The charging Wall Street Bull, bronze sculpture in the financial district of Manhattan. This icon was fenced off by authorities during the Occupy Wall Street demonstrations, following the global financial crisis (Flickr CC).

The following extract from an article by Pramit Bhattacharya [1] was made very recently in a blog by Lars Syll [2]:

There has always been some level of scepticism about the ability of economists to offer meaningful predictions and prognosis about economic and social phenomenon. That scepticism has heightened in the wake of the global financial crisis, leading to what is arguably the biggest credibility crisis the discipline has faced in the modern era.

Some of the criticisms against economists are misdirected. But the major thrust of the criticisms does have bite.

There are seven key failings, or the ‘seven sins’, as I am going to call them, that have led economists to their current predicament. These include sins of commission as well as sins of omission.

Sin 1 Alice in Wonderland assumptions

The problem with economists is not that they make assumptions. After all, any theory or model will have to rely on simplifying assumptions … but when critical assumptions are made just to circumvent well-identified complexities in the quest to build elegant theories, such theories will simply end up being elegant fantasies.

Sin 2 Abuse of modelling

What compounds the sin of making wild assumptions is the sin of careless modelling, and then selling that model as if it were a true depiction of an economy or society …

Sin 3: Intellectual capture

Several post-crisis assessments of the economy and of economics have pointed to intellectual capture as a key reason the profession, as a whole failed, to sound alarm bells about problems in the global economy, and failed to highlight flaws in the modern economic architecture …

Sin 4: The science obsession

The excessive obsession in the economics discipline to identify itself as a science has been costly. It has led to a dangerous quest for standardization in the profession, leading many economists to mistake a model of the economy for ‘the model’ of the economy … Science obsession has diminished the diversity of the profession, and arguably allowed complacency to take root in the run-up to the global financial crisis …

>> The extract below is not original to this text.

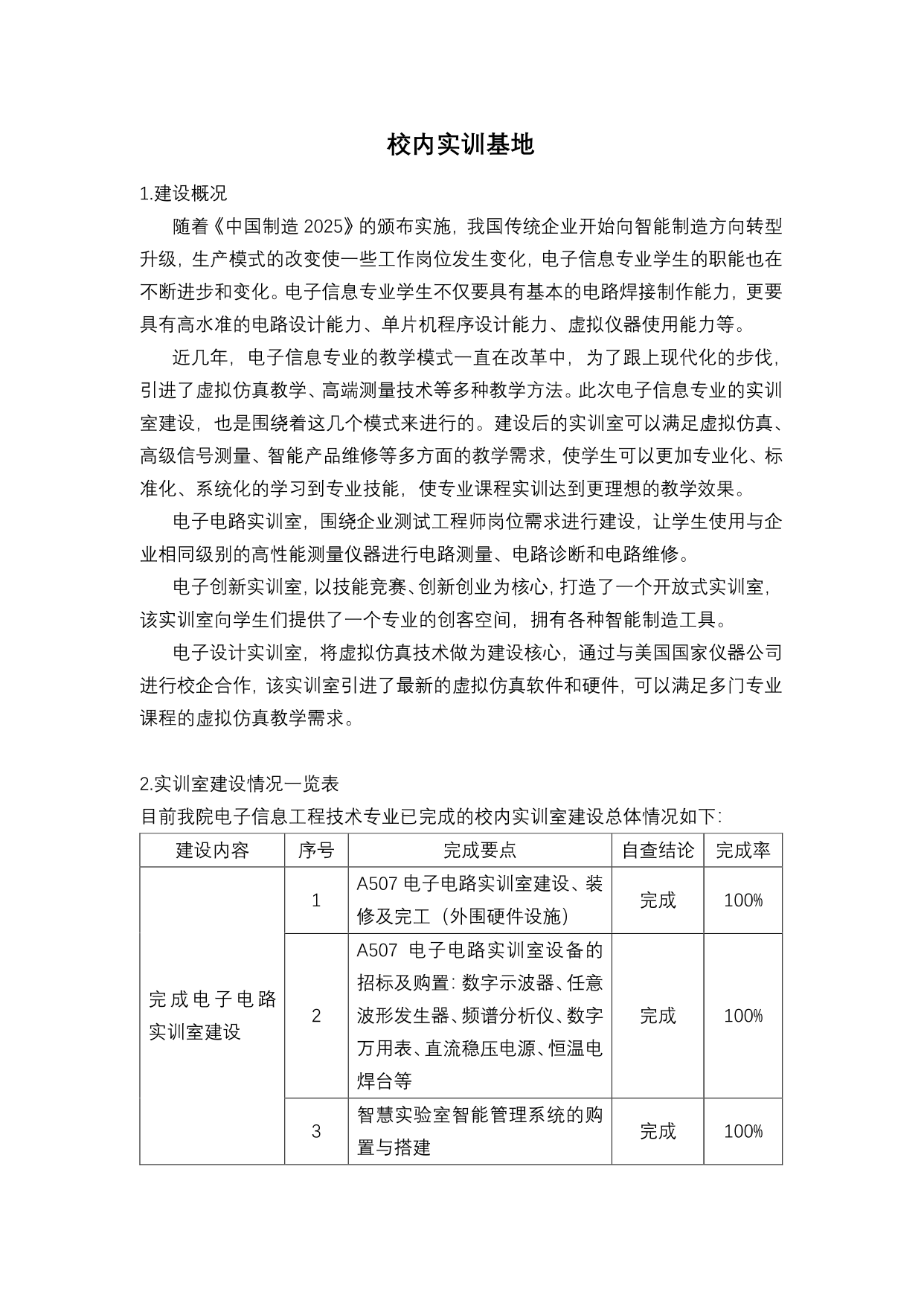 校内实训条件

Sin 5: Perpetuating the myth of ‘the textbook’ and Econ 101

The quest for standardization has also led to an astonishing level of uniformity in the manner in which economists are trained, and in the manner in which economists train others. Central to this exercise are textbooks that help teach the lessons of ‘Econ 101’ – lessons as disconnected from reality as they are from frontiers of economic research …

Sin 6: Ignoring society

What makes Econ 101 and a lot of mainstream economics particularly limiting is its neglect of the role of culture and social norms in determining economic outcomes even though classical economists such as Adam Smith and Karl Marx took care to emphasize how social norms and social interactions shape the economic outcomes ….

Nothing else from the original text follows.